Exercise requirements: Transcribe the entries exactly. Omit the pictures.

Items from a dataset
++++++++

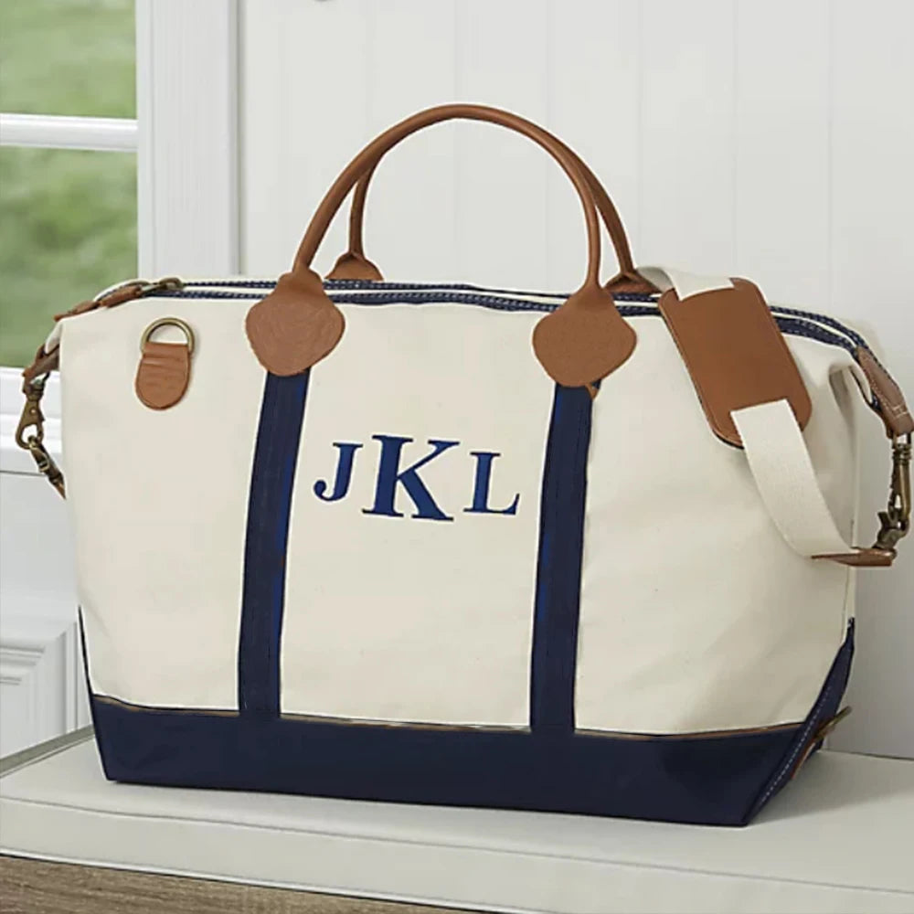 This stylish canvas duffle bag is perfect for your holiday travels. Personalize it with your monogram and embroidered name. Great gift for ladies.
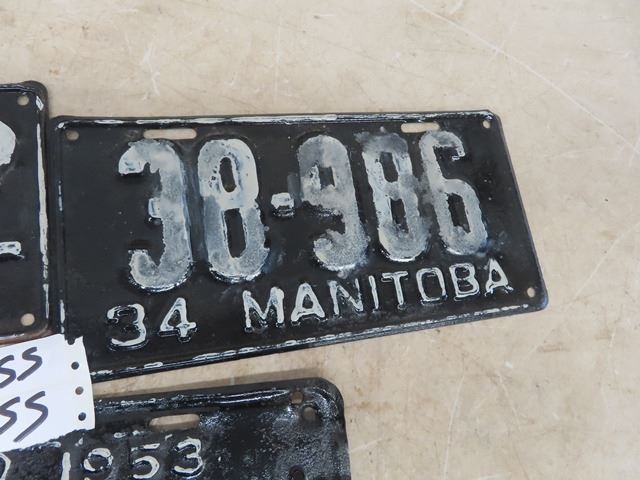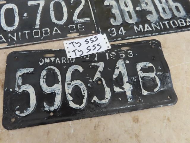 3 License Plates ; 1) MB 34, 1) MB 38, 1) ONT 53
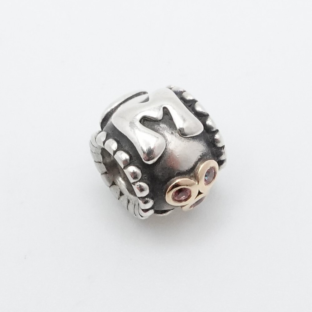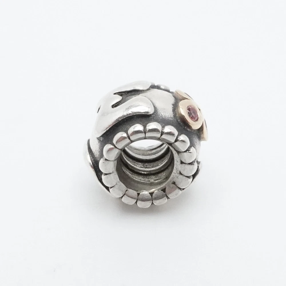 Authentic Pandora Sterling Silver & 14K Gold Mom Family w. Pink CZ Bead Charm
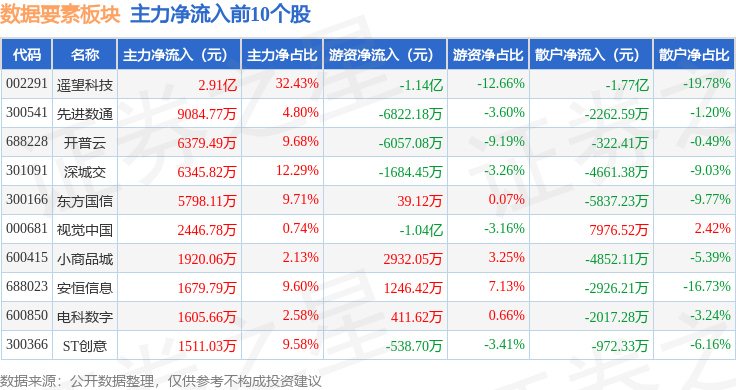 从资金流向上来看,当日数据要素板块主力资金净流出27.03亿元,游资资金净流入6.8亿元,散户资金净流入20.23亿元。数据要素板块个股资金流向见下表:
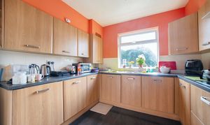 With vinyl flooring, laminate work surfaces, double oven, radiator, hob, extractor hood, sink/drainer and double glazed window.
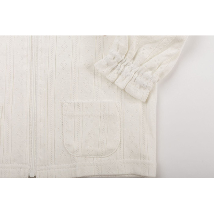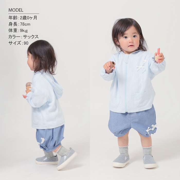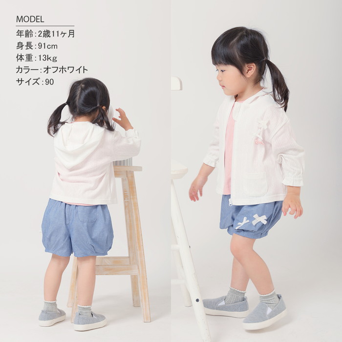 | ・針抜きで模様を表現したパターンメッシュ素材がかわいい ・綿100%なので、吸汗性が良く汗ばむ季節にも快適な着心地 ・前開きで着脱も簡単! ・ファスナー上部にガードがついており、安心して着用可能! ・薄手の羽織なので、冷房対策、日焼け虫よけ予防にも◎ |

++++++++

Answer to the problem:
 This stylish canvas duffle bag is perfect for your holiday travels. Personalize it with your monogram and embroidered name. Great gift for ladies.
 3 License Plates ; 1) MB 34, 1) MB 38, 1) ONT 53
 Authentic Pandora Sterling Silver & 14K Gold Mom Family w. Pink CZ Bead Charm
 从资金流向上来看,当日数据要素板块主力资金净流出27.03亿元,游资资金净流入6.8亿元,散户资金净流入20.23亿元。数据要素板块个股资金流向见下表:
 With vinyl flooring, laminate work surfaces, double oven, radiator, hob, extractor hood, sink/drainer and double glazed window.
 | ・針抜きで模様を表現したパターンメッシュ素材がかわいい ・綿100%なので、吸汗性が良く汗ばむ季節にも快適な着心地 ・前開きで着脱も簡単! ・ファスナー上部にガードがついており、安心して着用可能! ・薄手の羽織なので、冷房対策、日焼け虫よけ予防にも◎ |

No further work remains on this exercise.